“Cuando un
amigo se va queda un espacio vacío que no lo puede llenar la llegada de otro
amigo/Cuando un amigo se va se queda un
árbol caído que ya no vuelve a brotar
porque el viento lo ha vencido”. Alberto Cortez dedicaba estos versos a
un amigo del alma, decía él. Es un golpe duro. Y es cierto, el espacio vacío
que deja nadie ni nada lo puede llenar, porque ya nada es igual. Sientes la
mordida del abandono, de la soledad, como si una gran ventisca hubiera asolado
el lugar, los recuerdos se amontonan bloqueando tu mente y tu capacidad para
comprender que las cosas son así y no de otra manera. No acabas de entender esta
ausencia, este zarpazo que desnuda tus palabras, que marchita para siempre los
verdes sembrados que ya no germinarán más espigas de lo que un día fue.
No hablo de un amigo común, de mesas con las copas
alzadas y de risas descontroladas, de favores que hay que devolver, de
compromisos y secretos compartidos, de viajes con gente apreciada, de tropelías
participadas y cometidas en la lejana infancia, ni de las lágrimas derramadas
por un inesperado distanciamiento. Nada de eso, es mucho más humilde, más
sencillo, menos orgulloso, casi siempre con una tierna mirada. Por no ser no es
ni amigo, es amiga, secretaria, confidente, servidora, abnegada y leal como
nadie. Fea, negrita, pequeña, obediente y callada. Cuatro patitas y atendía por
Milú. Por qué duele tanto perder a
un animalito de companía? En la “Elegía
por la muerte de un perro” Unamuno
escribe “Los dioses lloran cuando muere
el perro que les lamió las manos, que les miró a los ojos y al mirarles así les
preguntaba. ¿A dónde vamos?
Decidió marcharse el lunes, dos de marzo, con sus
chispeantes ojitos velados por un maldito velo traslúcido,
nos dijo que ya no podía más, que era imposible resistir aquella larga agonía
de tantos días, que no quería dejarnos pero que tenía el cuerpo tan roto que
más que cuerpo era una prolongación de su cabecita. Que la perdonásemos. Dios
mío! en que soledad me ha sumido, en que vacío más hondo me ha sumergido. “Ahora que no estoy contigo, no quiero
verte triste. Deseo que cuando pienses en mi sonrías, pues así sabré que mi
recuerdo te hace feliz. Quiero que recuerdes los buenos momentos que
compartimos, nuestras muestras de cariño, nuestros juegos…y si alguna vez te
defraudé, o me porté mal, perdóname”. Lo he leído por ahí pero he llegado a
pensar que lo escribió para mí.
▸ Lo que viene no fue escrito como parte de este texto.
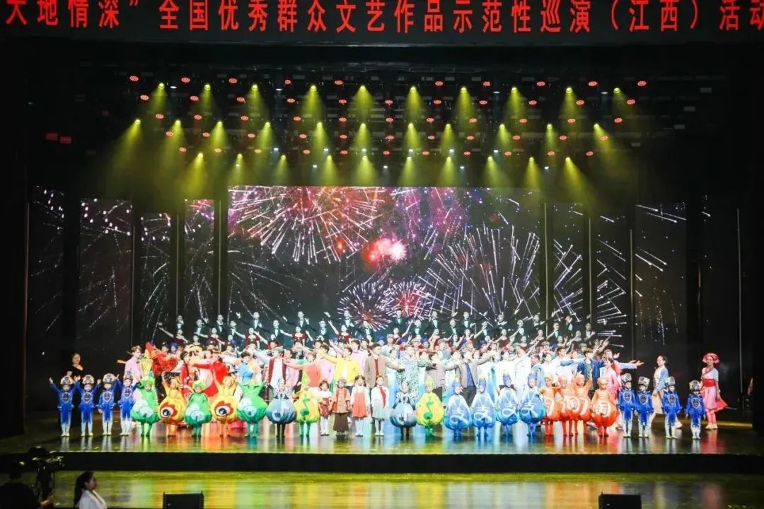 “大地情深”——全国优秀群众文艺作品示范性巡演(江西)活动是由文化和旅游部主办,文化和旅游部公共服务司及江西省、北京市、上海市、湖北省、山东省、广西壮族自治区等文化和旅游厅(局)承办,文化和旅游部全国公共文化发展中心、江西省文化馆、南昌市文化广电新闻出版旅游局、南昌县人民政府协办,南昌市文化馆、南昌县文化广电新闻出版旅游局具体执行,于9月27日晚在南昌县昌南文化中心盛大开启,并进行了首场演出, 参演人员达320余人,现场观众1000余人,江西日报、江西电视台、南昌日报、南昌电视台、南昌县融媒体中心等媒体报道了启动仪式盛况,同时国家公共文化云、今视频、央视频、抖音、微博等平台对演出进行了全程直播。

Defraudar dice, pobre, si únicamente yo soy
quien ha de pedirle perdón. Qué ironías tiene el destino.
Diecisiete años de su vida nos regaló, todos los que
tenía. Cinco locos bajitos interrumpieron sus descansos con sus juegos y
algarabías. Unos tirándole de la cola y otros disfrazándola de cualquier cosa
menos de perro. Conmigo subió a la montaña y bebió de las mismas fuentes, podía
más su sentido de la amistad que el terror de subirse a la moto. Viajó a no sé
cuántos lugares en el asiento trasero y desde su atalaya nocturna con un ojo
dormía y con el otro hacía de vigía, ningún ruido ni ninguna rama revoltosa
eran ajenas a su fino olfato y oído. Amaba las tardes de fuego en el hogar. Se
ha ido de este valle sin conocer la insolencia ni la fiereza, ni tampoco la
vanidad, tan propias del hombre, tan solo con sus virtudes y ella sin saberlo.
No lejos de casa, en una extensa y verde llanura que también era su casa, se
dibuja una pequeña colina desde la que se otea el horizonte de cielo azul, en donde
a la sombra de unos viejos almendros descansa para siempre, y mucho me temo que
desde su nueva atalaya siga vigilando nuestros pasos que era su manera de ser feliz.
No entristezcas Milú, si lloro es solo por tu ausencia.